Я прочитал письма Марьи в редакцию газеты, прежде чем вложить их в свою записную книжку. В первой записке говорилось, что стоимость трудодня в этом году на сто процентов больше прошлогодней. Вторая была договором социалистического соревнования школы с колхозом. Работники школы обязались... Но это были обычные обязательства школьных работников... Колхоз же в этом соревновании обязывался:

Засеять весной 1 га овощами для горячих завтраков школьников.

Для этих же завтраков выделить 50 килограммов ржи, 50 килограммов овса, 100 килограммов картофеля и 100 килограммов капусты, 20 килограммов гороха, 20 килограммов рыбы. На каждого ученика для горячих завтраков 1 килограмм масла и 25 литров молока.

Колхоз обязывался привезти для школы 23 воза дров.

Колхоз обещал наладить регулярный и своевременный подвоз детей в школу — весною и осенью на лодках через озеро, а зимою на санях по льду. Следить за тем, чтобы ребята ходили в целой обуви, а также давать лошадь для подвоза учебных пособий и поездок школьных работников по надобностям школы...

«И мы вызываем все колхозы нашего района и других заботиться о своих школах и школьниках и помогать школьным работникам. Наши дети не должны даже понимать той нужды, в какой протекало детство родителей. Потому что она есть проклятое наследие невозможного прошлого, которое мы выкорчевали в Октябре, как прогнивший пень, раз и навсегда!»

Вильби и Ильбаев через мое плечо прочитали этот вызов на соревнование.

— Эх, не хватает нам людей, трудовых рук, а то мы бы здесь в краткие сроки сделали и эту каменистую землю неузнаваемой!
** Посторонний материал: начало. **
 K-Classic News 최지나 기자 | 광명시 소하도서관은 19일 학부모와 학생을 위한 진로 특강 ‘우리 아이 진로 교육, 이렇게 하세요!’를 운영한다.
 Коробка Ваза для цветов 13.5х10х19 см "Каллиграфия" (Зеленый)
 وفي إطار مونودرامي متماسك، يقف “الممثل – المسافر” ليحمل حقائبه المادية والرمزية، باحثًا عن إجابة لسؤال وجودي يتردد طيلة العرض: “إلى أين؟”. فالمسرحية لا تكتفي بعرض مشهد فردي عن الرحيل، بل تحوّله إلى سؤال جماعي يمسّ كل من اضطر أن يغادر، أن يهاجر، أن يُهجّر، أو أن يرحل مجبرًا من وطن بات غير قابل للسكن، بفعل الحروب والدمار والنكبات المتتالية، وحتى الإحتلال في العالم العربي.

— А ты попробуй сделать все с той наличностью, которая у тебя есть,— внушительно произнес Вильби.

— Ну и делаю.

Большие валуны, занесенные сюда доисторическими ледниками, лежали у самой дороги. Сквозь густую листву мелькала голубая вода озера... Небо было безоблачно.

Перед поворотом Леша нажал кнопку, и снова раздался резкий гудок клаксона.
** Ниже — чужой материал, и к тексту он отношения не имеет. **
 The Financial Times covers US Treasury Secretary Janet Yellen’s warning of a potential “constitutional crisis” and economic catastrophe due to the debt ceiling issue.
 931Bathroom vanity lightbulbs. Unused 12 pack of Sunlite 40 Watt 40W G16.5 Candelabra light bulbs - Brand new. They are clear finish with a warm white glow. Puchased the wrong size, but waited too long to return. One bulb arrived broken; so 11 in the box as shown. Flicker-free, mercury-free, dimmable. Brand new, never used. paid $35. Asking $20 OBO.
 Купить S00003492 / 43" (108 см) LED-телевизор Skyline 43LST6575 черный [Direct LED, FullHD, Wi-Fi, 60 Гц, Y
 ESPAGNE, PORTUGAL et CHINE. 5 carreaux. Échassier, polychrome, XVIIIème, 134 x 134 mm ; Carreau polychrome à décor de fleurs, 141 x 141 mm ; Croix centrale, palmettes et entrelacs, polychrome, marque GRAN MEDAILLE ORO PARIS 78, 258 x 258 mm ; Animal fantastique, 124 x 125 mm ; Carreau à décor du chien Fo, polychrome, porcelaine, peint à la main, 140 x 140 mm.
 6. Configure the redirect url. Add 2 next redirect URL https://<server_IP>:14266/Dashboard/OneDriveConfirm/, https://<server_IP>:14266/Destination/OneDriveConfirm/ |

Мы все подпрыгнули на сиденье.

Леша круто затормозил.

В нескольких шагах от нас шла группка людей. Седоватый мужчина с козлиной бородкой, молодежь вузовского обличия— геологические молотки, рюкзаки,— и среди них снова увидел я молодое девичье лицо, обрамленное светлыми локонами.

Это была та самая девушка, которую я видел в поезде, когда она, перегнувшись за окно, шептала бегущим мимо лесам какие-то горячие слова. Это была та самая девушка, с которой я не решился познакомиться и заговорить, встретившись лицом к лицу на площадке вагона... Вот здесь остановиться бы, расспросить ее, о чем тогда она пела, познакомиться с нею, проводить ее. Узнать, как зовут ее, где живет она...  — Леша, останови!

Но Леша не расслышал.

А встречные уже скрылись за поворотом, в облаке пыли, поднятом нашей машиной.

Нет, я не повторил просьбы об остановке автомобиля. Да и как бы я мог объяснить Леше, зачем мне она понадобилась? О чем бы я стал и разговаривать с этой девушкой, весело идущей по большой дороге, окруженной своими друзьями.

— Что, сердце на повороте екнуло? — спрашивает меня Леша.

— Да, екнуло.

— А это мы встретили геологоразведочную партию. Здесь их сейчас как собак нерезаных.

— Весьма возможно,— отвечаю я и смотрю вперед на дорогу, летящую нам навстречу, и краем уха прислушиваюсь к тому, что говорит Вильби Ильбаеву. А говорит он медленно, как будто складывая кубики, и между каждым словом большие зазоры.

ВИЛЬБИ СТЫДНО

— Вот и я так говорил, когда прибыл в Советский Союз. Дают мне путевку... Леспромхоз — заведующим... Дают мне план... Столько-то фестметров древесины, столько-то — сплав. Иду домой. Весь вечер и даже ночь вычисляю... Карту географическую до миллиметра измерил. Утром прихожу... Согласен. Дайте мне столько-то и столько-то лесорубов, столько и столько инструментов, лошадей или машин — и я берусь выполнить план... А товарищ, который посылал меня, глаза на меня выпучил, словно рак.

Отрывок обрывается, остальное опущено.